Elza Niego was employed as a typist for the National Insurance Company of Turkey. While vacationing on Heybeliada, she was approached by Osman Ratıp Bey, a prominent Muslim official 30 years her senior. Osman Ratıp Bey reportedly became obsessed with Niego, severing ties with his family to pursue her.

Following sustained harassment and stalking by Osman Ratıp, Niego cut her vacation short and returned to Istanbul. She subsequently filed a complaint with the police, resulting in Osman Ratıp's arrest and brief imprisonment. Upon his release, he continued to harass Niego and repeatedly proposed marriage to her mother, all of which were refused. Following Niego's engagement to a Jewish co-worker, Osman Ratıp confronted her on 17 August 1927 on Bankalar Caddesi. He attacked Niego with a knife, inflicting fatal wounds to her throat; her sister, Rejin, was also injured in the attack. While contemporary press coverage often framed the incident as a "crime of passion," modern scholars analyze it as a clear instance of stalking and femicide.

==Aftermath==
The funeral of Elza Niego turned into a spontaneous public demonstration against the state's failure to protect her. The crowd, chanting slogans such as "We want justice," was interpreted by the Turkish government and press as acting against the Turkish identity. Prominent nationalist newspapers launched an anti-Jewish campaign, accusing the protestors of arrogance and disloyalty.

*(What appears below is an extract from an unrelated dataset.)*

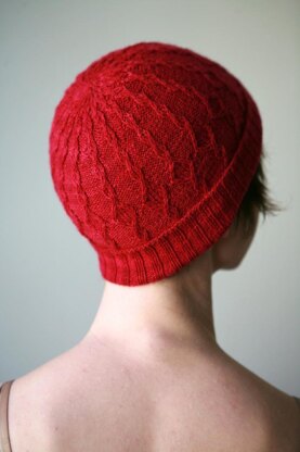 Feather light and delicate, Azurite will make a sweet addition to your wardrobe—or your jewelry box. The gossamer lines of the stitch pattern form a chain of jewels around the crown, creating a semi-precious style that can be worn with the ribbed hem folded up like a beanie, or left long and slouchy. The lovely lightweight fabric keeps you warm without bulk, and the charted and written instructions are delightfully easy to follow.

Following the demonstration, authorities detained nine or ten Jewish protestors, including a Russian witness to the murder. They were charged with "insulting the Turkish Republic" and "Turkishness." Although acquitted in the first trial, a second trial was initiated, resulting in the conviction of four protestors. The incident served as a catalyst for increased restrictions on the Jewish community, including the widening of the "Citizen, speak Turkish!" campaign.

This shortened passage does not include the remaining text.